**Exercise prompt:** The entries below contain pictures, which are to be left out; write out exactly, and only, the lines from the line with "Wales Pottery Japan" up to and including the line with "La noche de".

**Provided entries:**
================================

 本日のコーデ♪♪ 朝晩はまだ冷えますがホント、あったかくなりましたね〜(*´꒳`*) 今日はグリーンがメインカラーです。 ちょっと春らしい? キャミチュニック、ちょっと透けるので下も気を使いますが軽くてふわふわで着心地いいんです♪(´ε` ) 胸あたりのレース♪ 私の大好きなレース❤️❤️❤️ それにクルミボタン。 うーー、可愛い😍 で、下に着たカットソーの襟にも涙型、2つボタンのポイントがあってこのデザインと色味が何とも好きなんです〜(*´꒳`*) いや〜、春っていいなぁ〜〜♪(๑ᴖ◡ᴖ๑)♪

================================

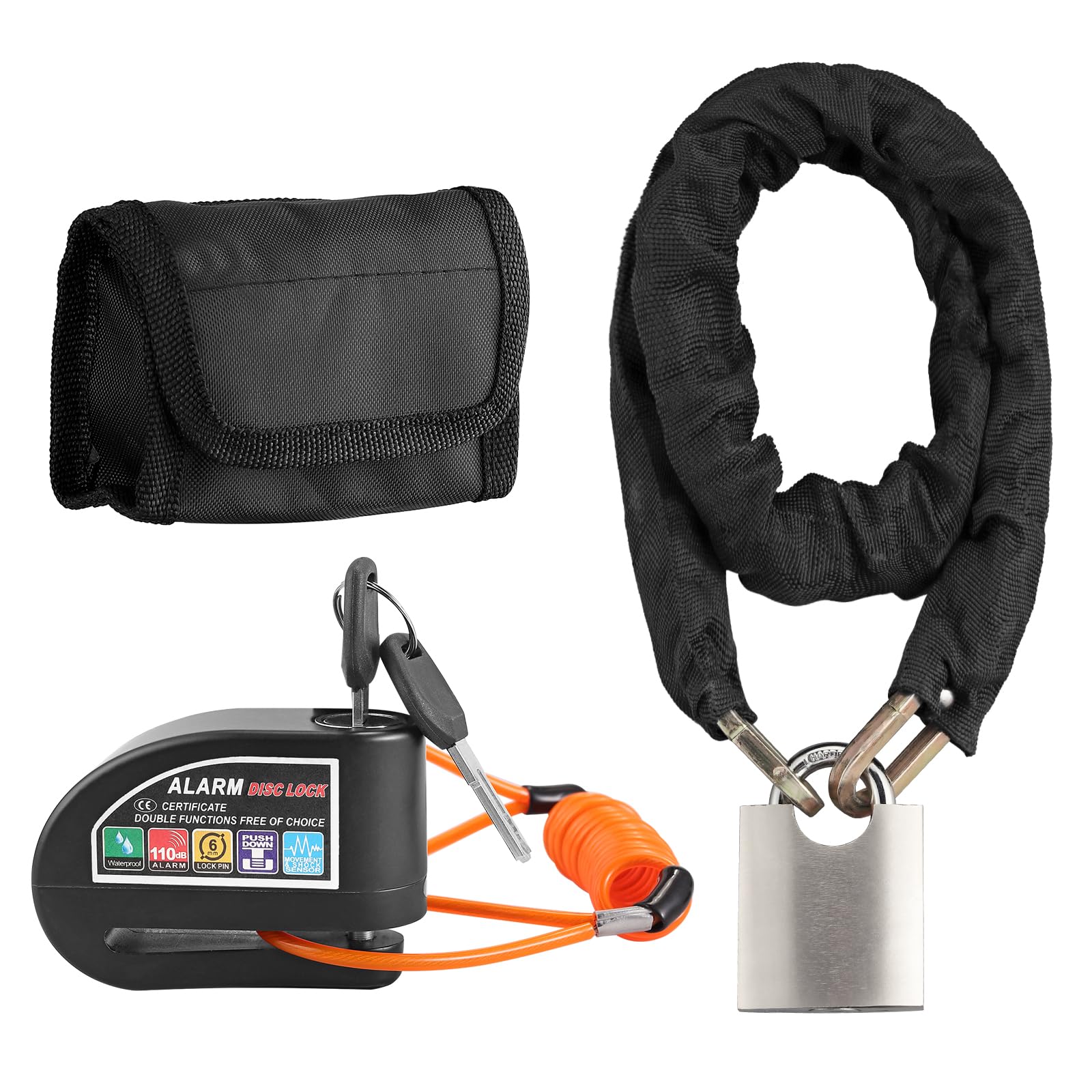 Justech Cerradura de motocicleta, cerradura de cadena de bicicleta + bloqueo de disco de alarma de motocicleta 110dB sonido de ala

================================

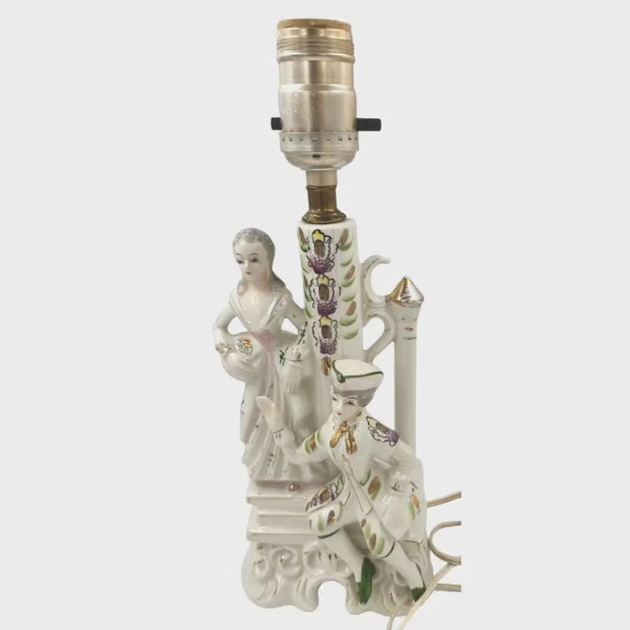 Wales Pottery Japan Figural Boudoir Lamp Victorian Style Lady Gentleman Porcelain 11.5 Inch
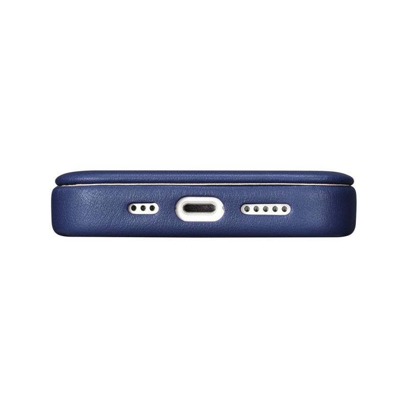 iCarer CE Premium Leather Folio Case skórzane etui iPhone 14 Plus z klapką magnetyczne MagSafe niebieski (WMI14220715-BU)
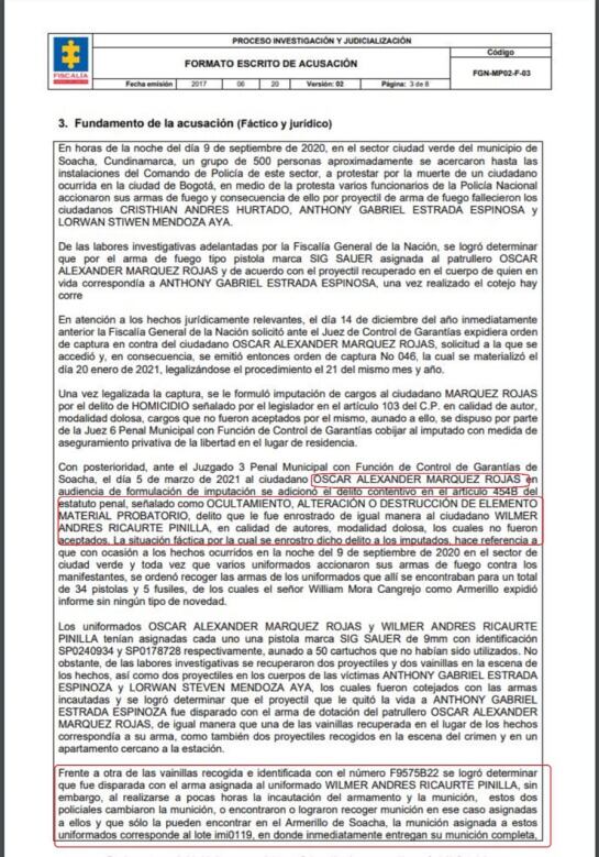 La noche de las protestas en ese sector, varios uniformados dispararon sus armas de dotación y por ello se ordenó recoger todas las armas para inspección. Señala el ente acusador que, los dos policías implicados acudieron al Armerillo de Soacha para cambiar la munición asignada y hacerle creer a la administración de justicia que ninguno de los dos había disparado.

================================

**Task solution:**
 Wales Pottery Japan Figural Boudoir Lamp Victorian Style Lady Gentleman Porcelain 11.5 Inch
 iCarer CE Premium Leather Folio Case skórzane etui iPhone 14 Plus z klapką magnetyczne MagSafe niebieski (WMI14220715-BU)
 La noche de las protestas en ese sector, varios uniformados dispararon sus armas de dotación y por ello se ordenó recoger todas las armas para inspección. Señala el ente acusador que, los dos policías implicados acudieron al Armerillo de Soacha para cambiar la munición asignada y hacerle creer a la administración de justicia que ninguno de los dos había disparado.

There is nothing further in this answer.